これらの数字を見て、読者はどう考えるでしょうか。米国と同程度に生産性を高めれば、日本も多少は実質賃金が上がるはずだから、成長戦略にもっと注力すべきと考える人もいらっしゃるかもしれません。ただ、そうした判断を下す前に、欧州のデータを見ていただきたいと思います。ここで持ち出すのは、経済運営がとても上手く行っているスウェーデンとかデンマークではありません。欧州の大国であり、日本と同様に経済運営に苦しむドイツとフランスです。

図1-3は、米国と日本に、ドイツとフランスを加えた4カ国の時間当たり生産性の推移を描いたものです。図1-4は、それらの4カ国の時間当たり実質賃金の推移を見たものです。

時間当たりの労働生産性(暦年、1998年=100)
 
時間当たりの実質賃金(暦年、1998年=100)
 

1998年以降、日本の時間当たり生産性は30%程度上昇し、50%上昇した米国には及ばないとはいえ、25%程度上昇したドイツや20%程度上昇したフランスに比べると高めであり、決して不出来とは言えません。一方で、日本の時間当たり実質賃金は、ドイツ、フランスに大きく劣後しています。生産性で劣るはずのフランスは、少なくともコロナ前までは、米国の実質賃金に匹敵する動きを見せており、累計では20%弱、ドイツの実質賃金は米仏には及ばないものの15%弱と、全く増えなかった日本と違って増加しています。

労働者の権利を重視する社会民主主義的な傾向の強いドイツやフランスでは、生産性が改善すると、それが実質賃金にも明確に反映されています。つまり、企業が新たに付加価値を生み出した際、株主がリスクテイクの対価として期待する資本収益率を上回る利益については、労働者にも分配するというレント・シェアリングの社会慣行が根付いているわけです。

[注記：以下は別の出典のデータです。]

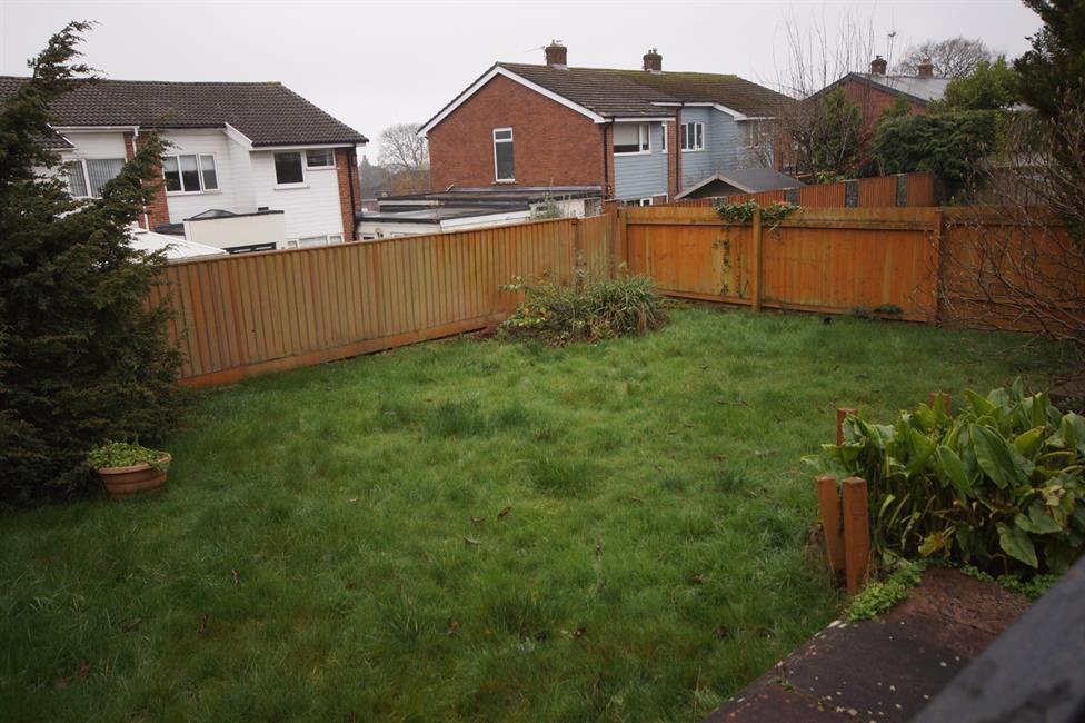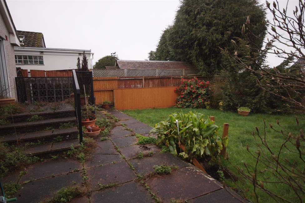 fence to surround. Block paving extends to side.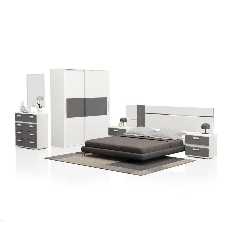 El cabecero con LEDs es el elemento central del dormitorio completo y está hecho en melamina de alta calidad con acabado en color blanco y grafito. Además, cuenta con una iluminación LED incorporada en la parte central que crea un ambiente cálido y acogedor en la habitación.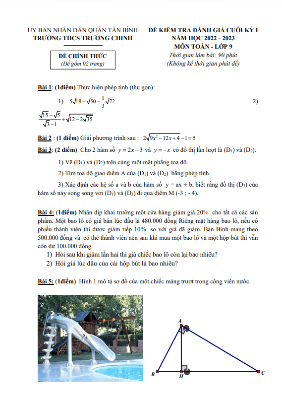 Đề cuối kì 1 Toán lớp 9 năm 2022 – 2023 Trường THCS Trường Chinh TP HCM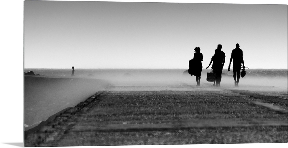 <p>A black and white photograph of three silhouetted figures walking toward a mist.</p>

レントというのは、経済学の用語で、地代という意味もありますが、ここでは、株主が取ったリスクに見合う収益を超えた部分(超過リターン)を意味します。

1980年代以降、新自由主義が世界を席巻し、すっかり社会民主主義的な要素が失われてしまった米国では、確かに資本の取り分が大きく増えています。それでも、増えた付加価値の一部(超過リターンの一部)は、労働者の貢献として実質賃金に反映されています。しかし、日本ではそれが全く反映されていないのです。